Sunday nights are much worse than August, as at least the first couple of weeks of August are still vacation season.
By all accounts, the cruelest night is Sunday, right up there – or down there – on the calendar hate list with the day after Labor Day and Jan. 2 and practically any day in February.
So, as a service to us working schlubs everywhere, here are the top 10 ways on a Sunday night to distract yourself from thinking about work on Monday.
(10) Spend the evening studying the happy hour drink menu at your go-to bar so you can instantly order what you want at 5:01 p.m. on Friday. And again at 5:02 p.m. Friday.
(9) Hire the teenage computer geek who lives next door to hack your work’s computer system and credit you with a vacation day for every Monday through, oh, 2024.
(8) Fantasize briefly about what you would do if you won $50 million in the lottery: new home, sports car, world domination. Then get real and treat yourself to what you can actually afford – a $2 Frosty from Wendy’s.
(7) Make a list of the 17,458 things you’d rather do than go to work. Start with “have a colonoscopy.”
(6) Close your eyes, breathe slowly and deeply and imagine you’re on the beach on a sunny afternoon, the waves gently and hypnotically splashing ashore. Then hop in the car and drive to your local, polluted, duck-dropping infested community pond, which is the closest you’re going to get to real water in at least seven months.
(5) Make plans for the next 2,395 Saturdays.
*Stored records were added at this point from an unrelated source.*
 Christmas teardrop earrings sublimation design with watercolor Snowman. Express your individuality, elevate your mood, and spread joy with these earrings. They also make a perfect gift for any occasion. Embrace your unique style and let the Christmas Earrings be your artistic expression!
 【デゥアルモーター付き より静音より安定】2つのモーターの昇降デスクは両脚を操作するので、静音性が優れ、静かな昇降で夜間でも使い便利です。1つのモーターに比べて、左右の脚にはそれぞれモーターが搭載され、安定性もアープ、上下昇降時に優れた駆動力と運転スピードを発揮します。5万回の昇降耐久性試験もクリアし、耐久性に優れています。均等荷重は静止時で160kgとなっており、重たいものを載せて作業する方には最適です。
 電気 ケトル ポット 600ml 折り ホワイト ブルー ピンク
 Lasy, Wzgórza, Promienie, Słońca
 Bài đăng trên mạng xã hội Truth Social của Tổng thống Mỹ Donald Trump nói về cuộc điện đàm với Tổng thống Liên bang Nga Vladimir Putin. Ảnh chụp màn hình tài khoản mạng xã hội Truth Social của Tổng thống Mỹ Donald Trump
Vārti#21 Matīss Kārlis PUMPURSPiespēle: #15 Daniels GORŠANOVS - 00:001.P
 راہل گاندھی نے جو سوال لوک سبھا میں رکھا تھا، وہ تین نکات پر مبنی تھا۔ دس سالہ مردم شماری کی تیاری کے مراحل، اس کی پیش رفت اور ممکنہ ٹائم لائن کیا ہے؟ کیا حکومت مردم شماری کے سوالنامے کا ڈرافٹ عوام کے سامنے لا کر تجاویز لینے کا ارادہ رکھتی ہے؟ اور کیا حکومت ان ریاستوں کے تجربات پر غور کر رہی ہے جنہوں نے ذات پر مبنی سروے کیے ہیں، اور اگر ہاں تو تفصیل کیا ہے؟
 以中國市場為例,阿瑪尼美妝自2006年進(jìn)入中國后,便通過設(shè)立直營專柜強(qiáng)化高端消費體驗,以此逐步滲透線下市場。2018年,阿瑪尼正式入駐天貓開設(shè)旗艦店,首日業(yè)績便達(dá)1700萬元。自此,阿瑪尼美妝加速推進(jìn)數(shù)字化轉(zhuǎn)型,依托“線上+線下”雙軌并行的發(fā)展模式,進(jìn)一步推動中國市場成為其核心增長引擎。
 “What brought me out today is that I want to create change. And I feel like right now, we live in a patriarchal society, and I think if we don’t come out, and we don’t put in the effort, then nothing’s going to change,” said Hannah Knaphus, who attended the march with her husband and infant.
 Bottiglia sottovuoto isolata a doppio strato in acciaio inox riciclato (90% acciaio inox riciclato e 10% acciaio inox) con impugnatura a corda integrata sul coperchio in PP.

First up: Sleep in to noon (and that’s noon into Sunday).
(4) Plan a weeklong summer vacation that you will never take because one of the kids always gets sick or the vacation fund becomes the transmission-repair fund.
(3) Distraction No. 3 intentionally left blank because the writer’s mind is drawing a blank.
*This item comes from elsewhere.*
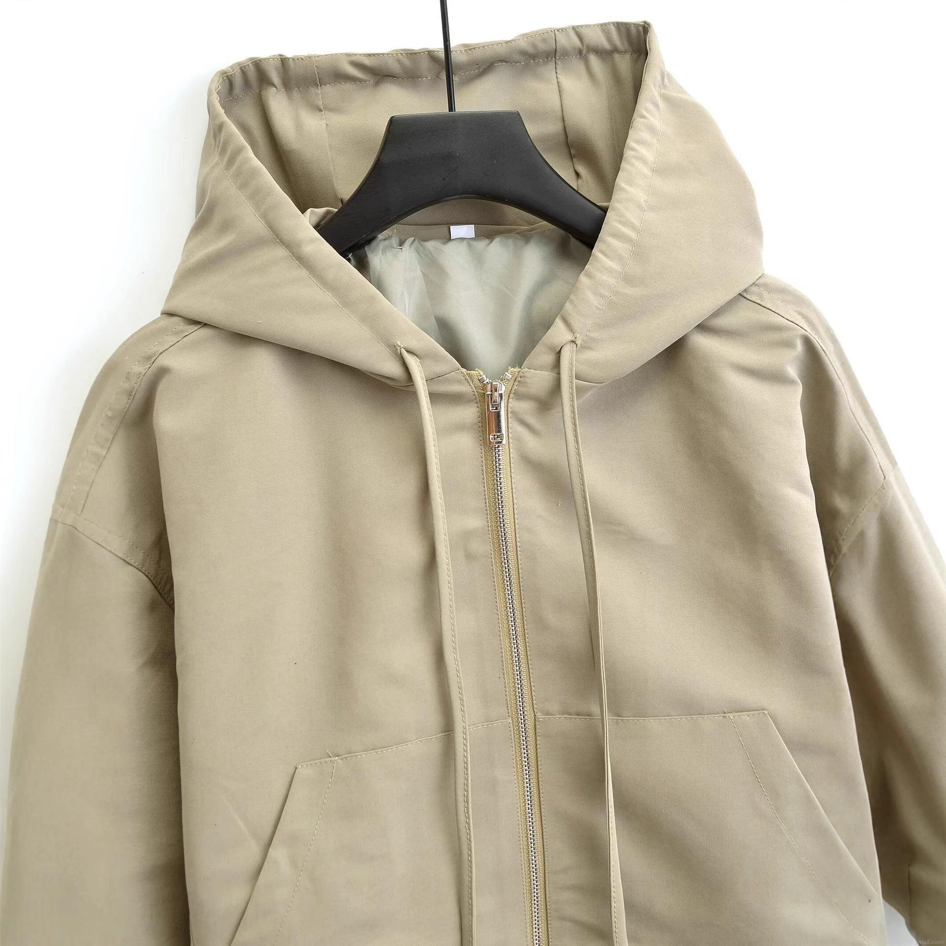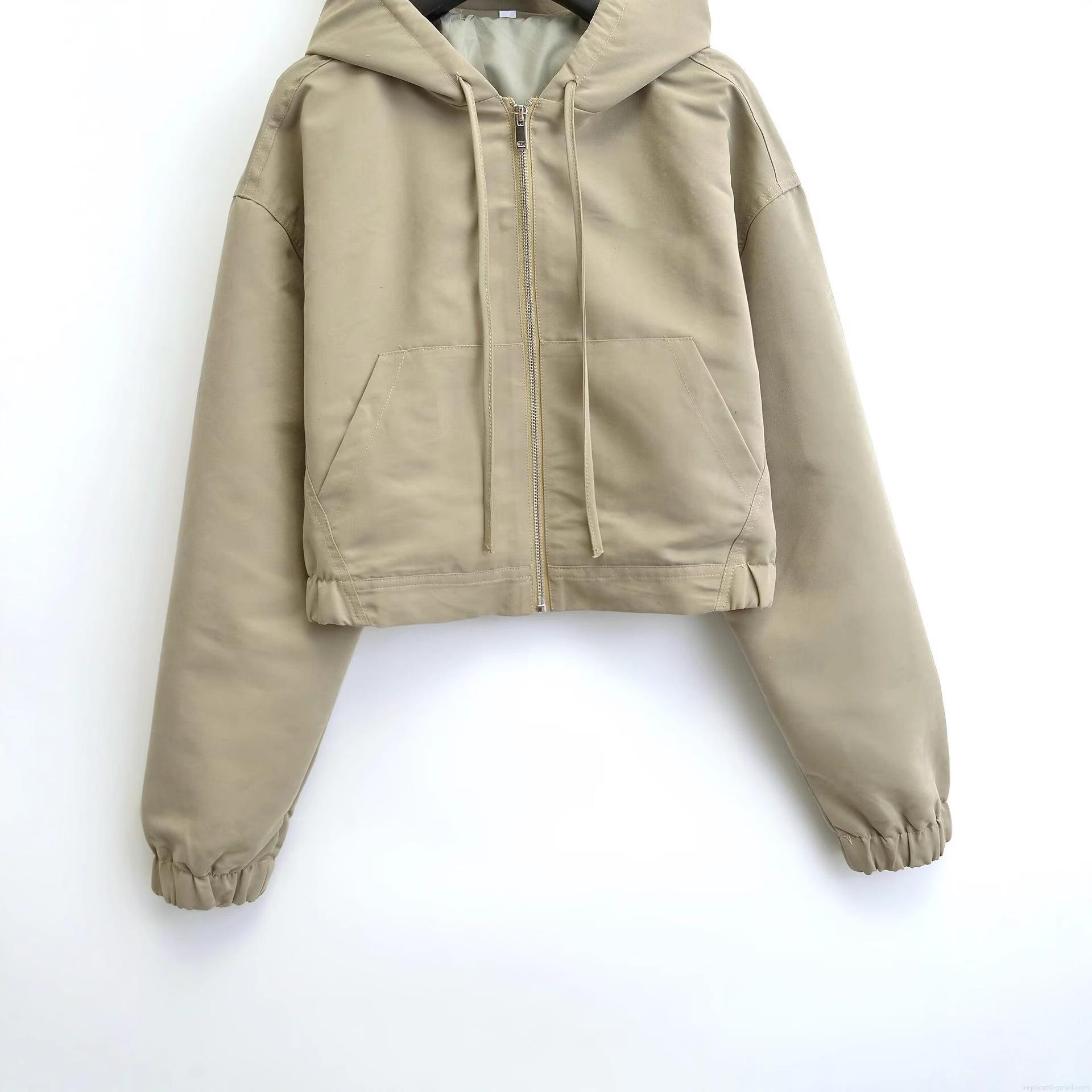 • Women's Casual Cropped Hooded Jacket Loose Drawstring Solid Color Fashion Zip Up Windbreaker Coat Outerwear for Streetwear Daily Wear

(2) Practice your coughing and wheezing so that they sound at least somewhat realistic when you call out sick Monday morning.
(1) Gather all of the alarm clocks and clock radios from the house in a pile in the yard and take a sledgehammer and smash them into tiny, little-bitty, gratifying pieces. Then set your smartphone alarm for 6 a.m. like you’ve been doing every damn work night for the last 10 years.